# hamster cage question



## Nathan91 (Aug 17, 2009)

I'm thinking of getting a  Habitail ovo loft was wondering if it was ok size wise for a couple of russian dwarfs?


----------



## Jazzy (Apr 15, 2009)

Well I think it's big enough and I have two Russian dwarfs in the Ovo lofts. One of them has this extension on Habitrail Ovo Maze Expansion Cage For Hamsters Pet Blue

One of them has the den on because I haven't room for the other extension on yet.Habitrail Ovo Den Hamster Gerbil Mouse Toy

I got my Ovo's from Net pet shop too.


----------



## CharleyRogan (Feb 20, 2009)

No!!! They are rubbish along with rotastak! That is welllllll tooooo small!

IMO you should get a largish, barred cage. This gives your hammys a chance to climb, and they are much bigger in size than the crappy plastic things you get.


----------



## Jazzy (Apr 15, 2009)

I can't see they are any smaller than a savic peggy or some of the other hamster cages people have. For a Syrian I would say they are too small but not a Russian or Robo. 

My Russians seem happy in them anyway.

I saw the new green cage with the wooden houses in and the tube, in pets at home yesterday, now that one IS small.


----------



## Flissy (Jul 27, 2009)

Jazzy said:


> I can't see they are any smaller than a savic peggy or some of the other hamster cages people have. For a Syrian I would say they are too small but not a Russian or Robo.
> 
> My Russians seem happy in them anyway.
> 
> I saw the new green cage with the wooden houses in and the tube, in pets at home yesterday, now that one IS small.
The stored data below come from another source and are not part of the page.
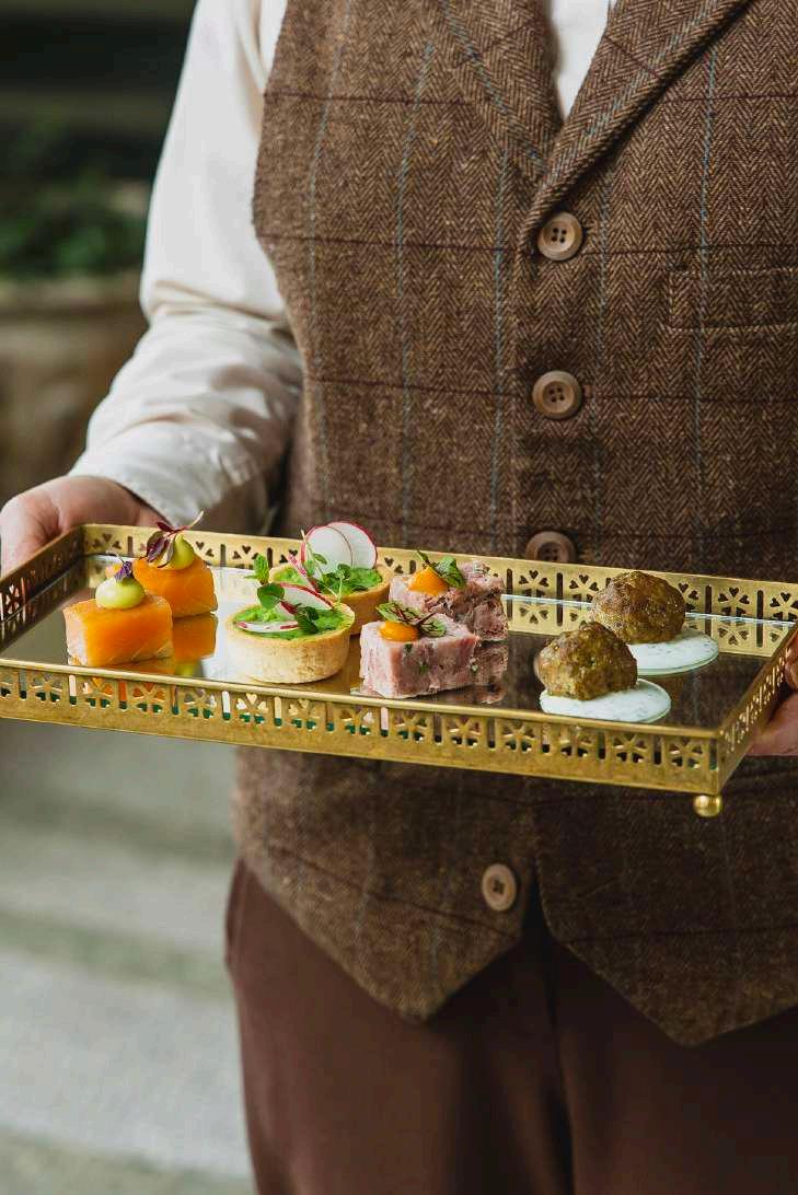 OUR MENUS FEATURE A SELECTION OF SEASONAL, LOCALLY SOURCED DISHES, MANY OF WHICH ARE INSPIRED BY INGREDIENTS FROM OUR VERY OWN KITCHEN GARDEN. WHETHER YOU'RE ENVISIONING A FORMAL THREE-COURSE WEDDING BREAKFAST, ELEGANT CANAPÉS, OR A RELAXED EVENING BUFFET, WE WORK CLOSELY WITH YOU TO DESIGN A DINING EXPERIENCE THAT REFLECTS YOUR PERSONAL TASTE AND STYLE
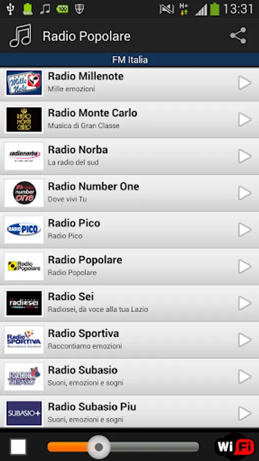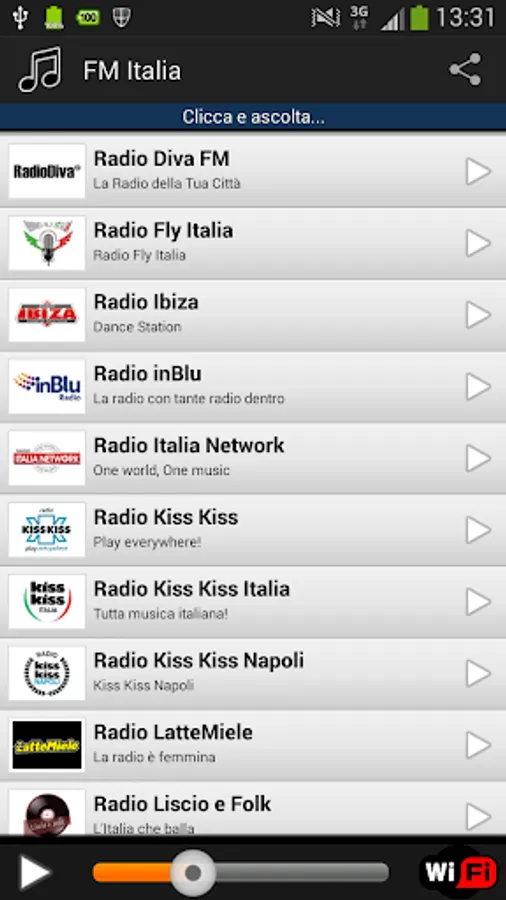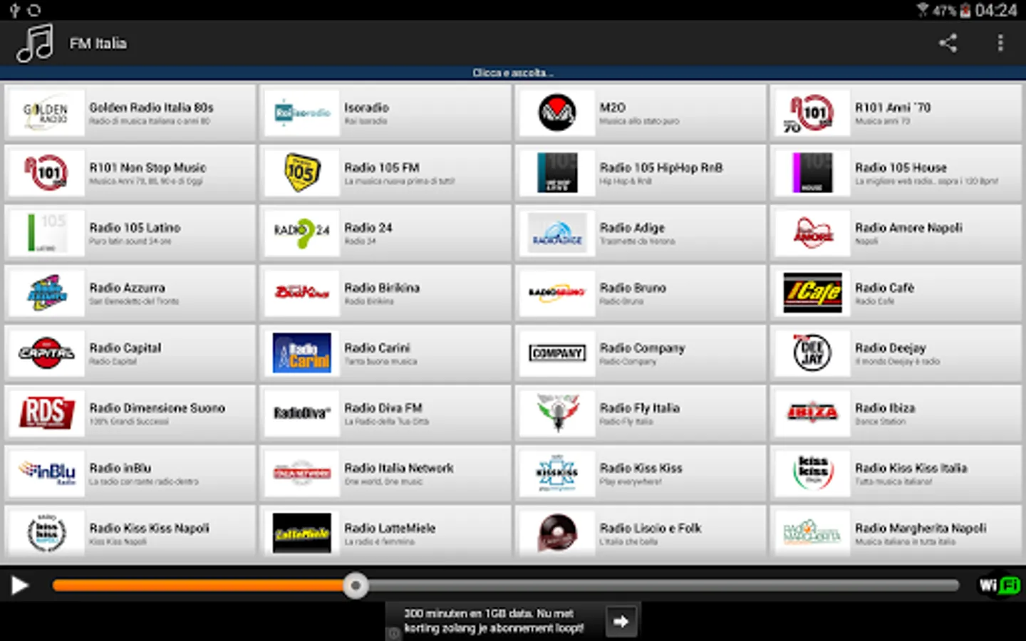 Include listening to: RAI Radio Uno, Radio Deejay, R101 Non Stop Music, Radio Capital, M2O, RTL 102.5, Radio Subasio, RAI Radio Due, Radio 24, Venice Classic Radio, Radio Cafè, Radio Company, Viva FM, Radio Heart, Virgin Radio Italy, Radio Norba, RMC 2, Radio Popolare, Radio Adige, Radio Pico, Radio Six, Radio Radicale, Radio 105 FM, Radio 105 INDAKLUBB, Radio 105 Dance 90, Radio Monte Carlo, Radio LatteMiele, Radio 105 HipHop RnB, Radio Kiss Kiss Italy, Radio Liscio and Folk, Radio Subasio Piu, Radio Suby Nice, Radio Margherita Naples, Radio Touring, RAI Radio Tre, Radio Millenote, Radio Number One, Radio Studio Piu, Radio Love, Radio Diva FM, Radio Italia Network, Radio Dimensione Suono, Radio Bruno, Radio Maria, Isoradio, Radio Kiss Kiss, Radio Fly Italia, TRS Radio, Radio Ibiza, Radio in Blue, Radio Sport, Radio Kiss Kiss Naples, Radio Marte, Radio Azzurra, Radio Birikina, Radio Rosa, Radio Touring 104, RMC Love Songs, Radioradio, Radio Bari, Radio Puglia, Radio Selene, La Fen ice Channel, Discoradio, StereoCittà, Radio Bella & Monella, Radio Piterpan, RMC Italia, RMC Monte Carlo Nights, RMC 80, RMC 90, Radio Gelosa, Radio Marilù, Radio Italia.
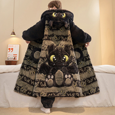 轩靓【抗静电】仿羊羔绒连帽睡袍女冬加绒加厚长款睡衣浴袍家居服
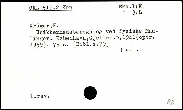 Usikkerhedsberegning ved fysiske Maa-linger. KøbenhavnfGjellerupf1941(optr. 1959).
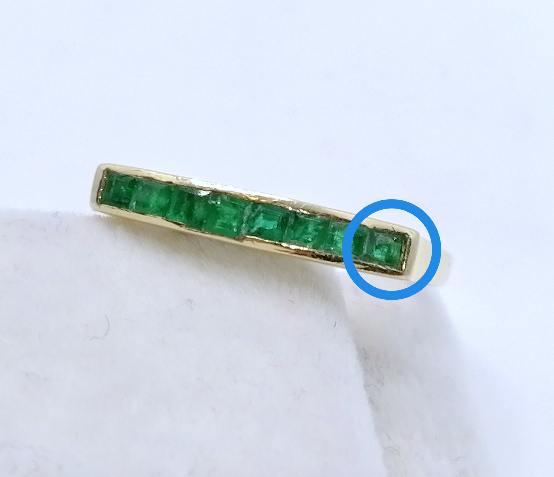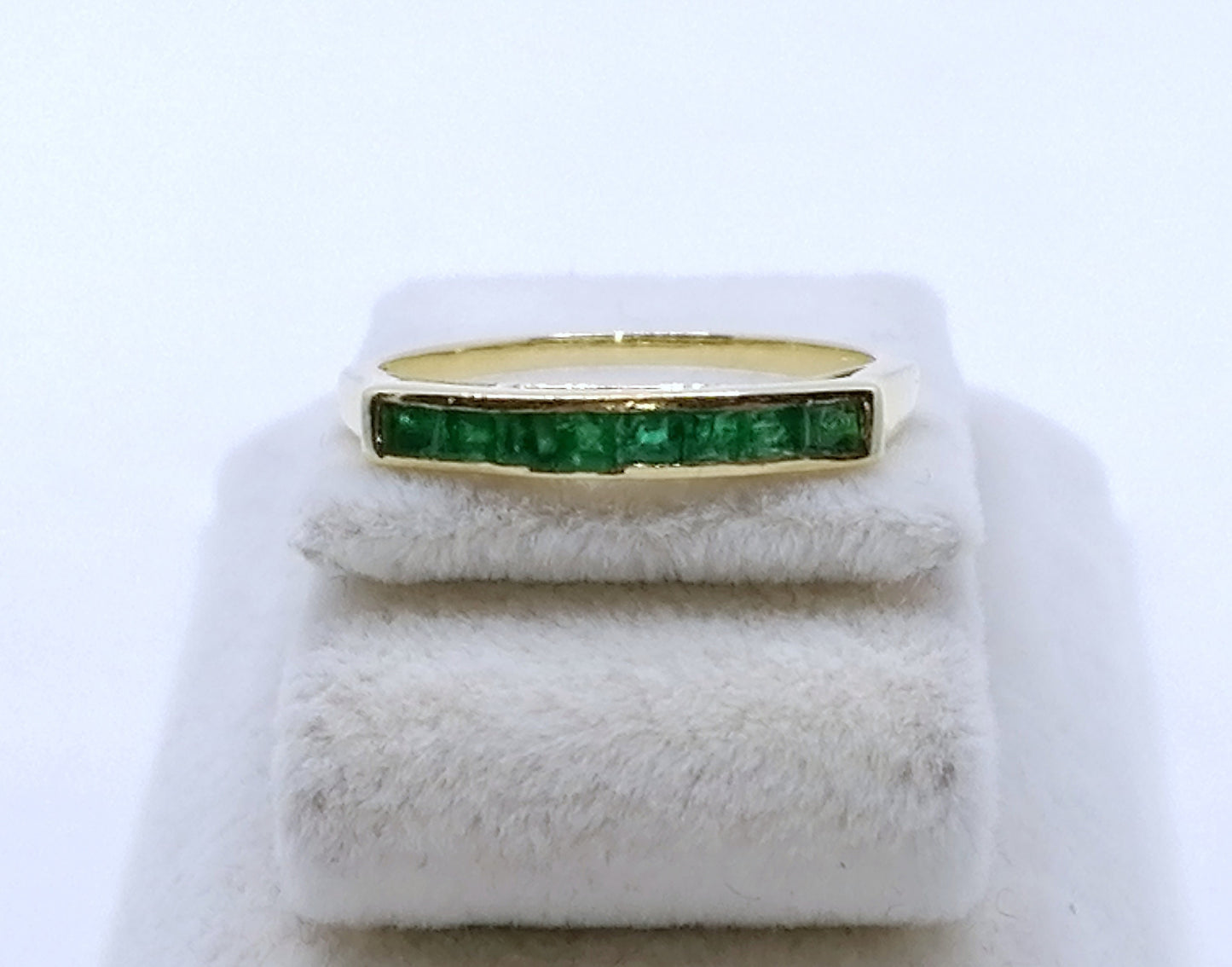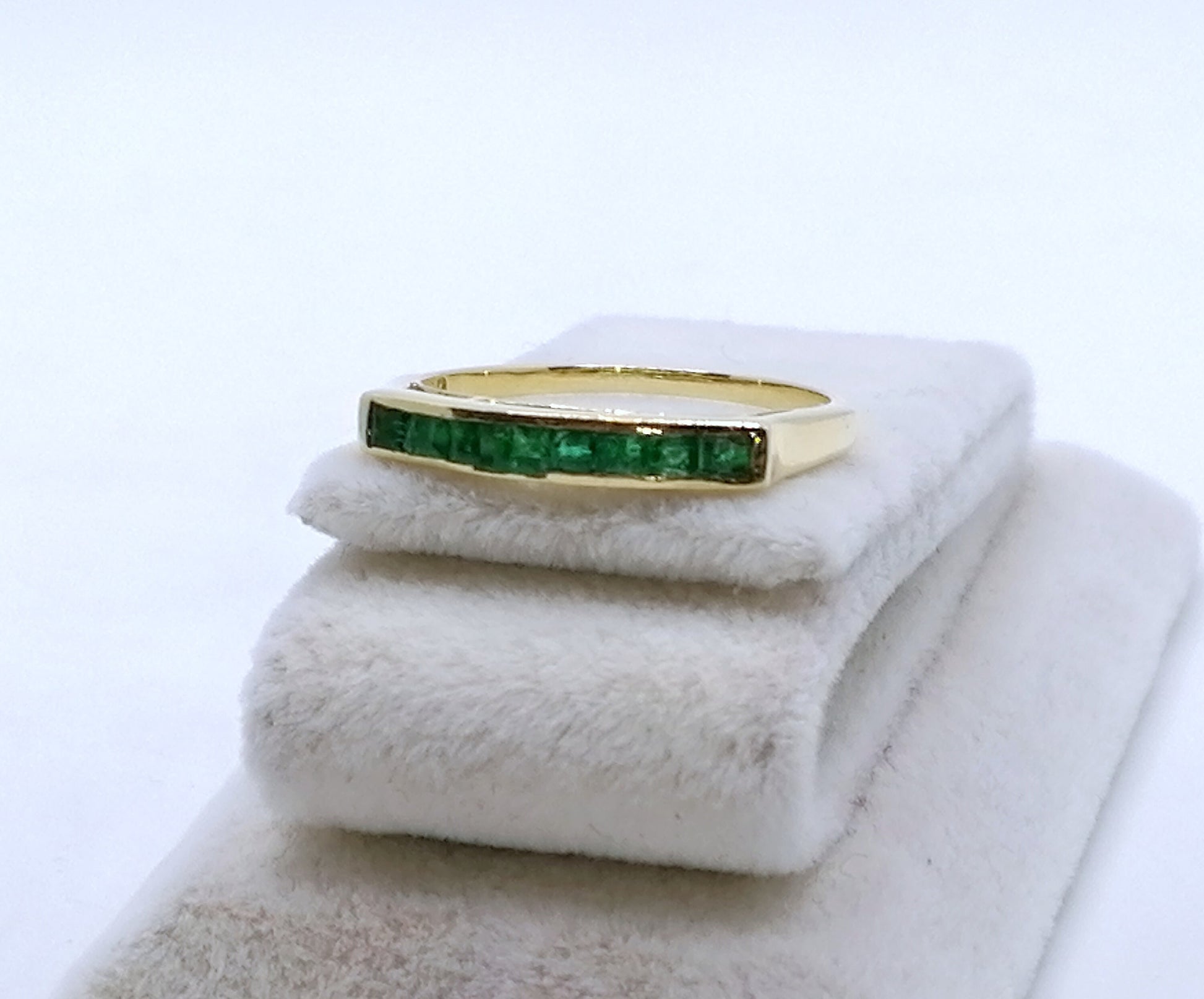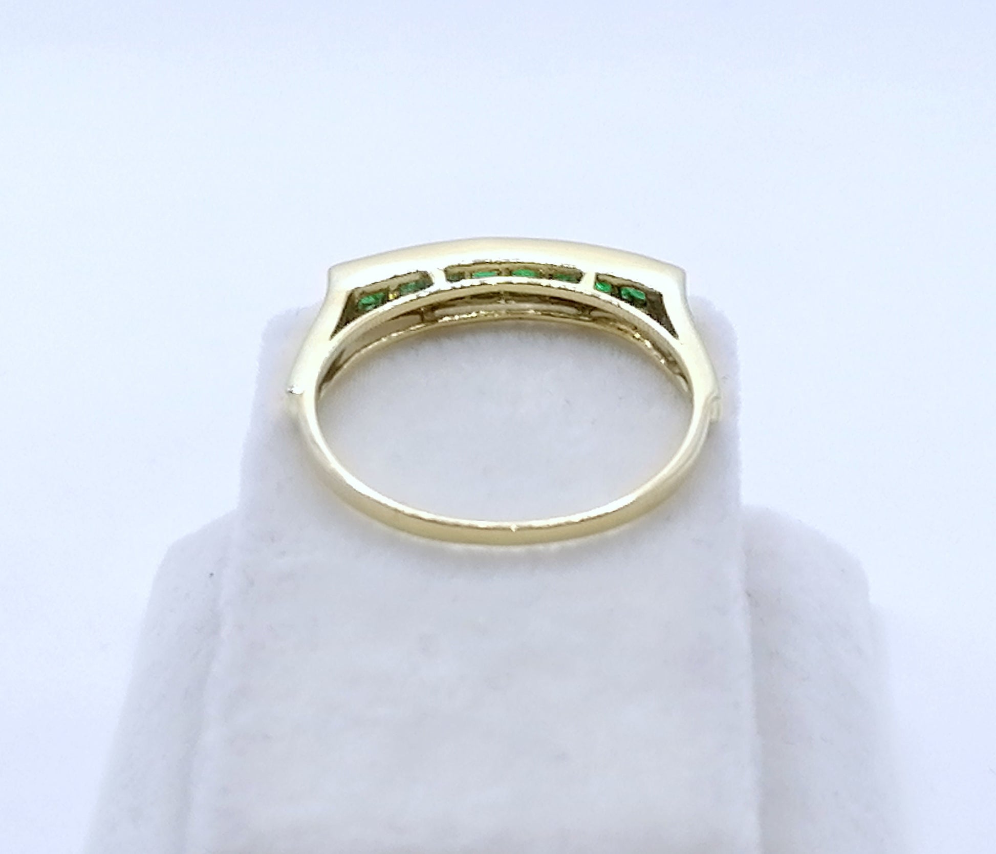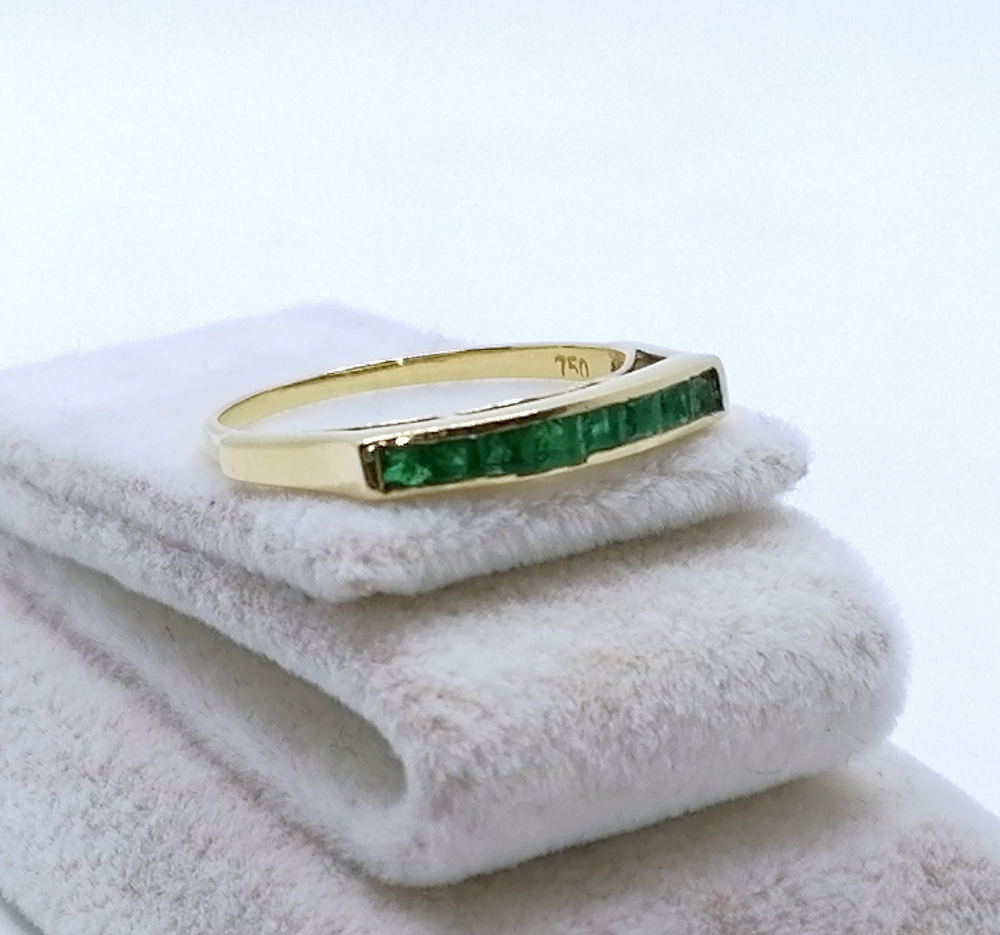Schlichter Gold Damenring mit Smaragd Baguette. Der Ring ist aus 750er 18 Karat Gold gefertigt. Bitte auf Bild zwei beachten, dass einer der Baguettes beschädigt ist. Ansonsten ist der Ring in einem neuwertigen Zustand.
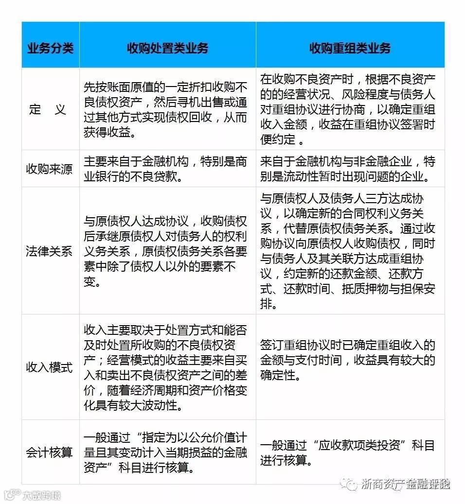 要了解这两个科目,先得从资产管理公司不良债权资产经营业务类型说起。按照经营模式分类,资产管理公司不良债权资产经营业务分为收购处置类业务和收购重组类业务,两者在收购来源、法律关系和收入模式、会计核算方面存在诸多不同,主要区别如下表:

I thought that green one was small as well... glad it's not just me!!


----------



## Jazzy (Apr 15, 2009)

It's really narrow isn't it - I was shocked how small it was and it's meant for a Syrian too isn't it?


----------



## Flissy (Jul 27, 2009)

Jazzy said:


> It's really narrow isn't it - I was shocked how small it was and it's meant for a Syrian too isn't it?


Yeah the tubes look quite small, the bigger ones that someone posted on here looked cool though


----------



## bexy1989 (May 10, 2009)

I used to have a habitrail and they are AWFUL. i was cleaning out my hamster once and it broke! 

i couldn't get it back together at all! 

barred cages are alot better, or get a glass tank like a perfecto


----------



## Jazzy (Apr 15, 2009)

I think they are warmer for hamsters than barred cages.

I've never had the misfortune to break any of it.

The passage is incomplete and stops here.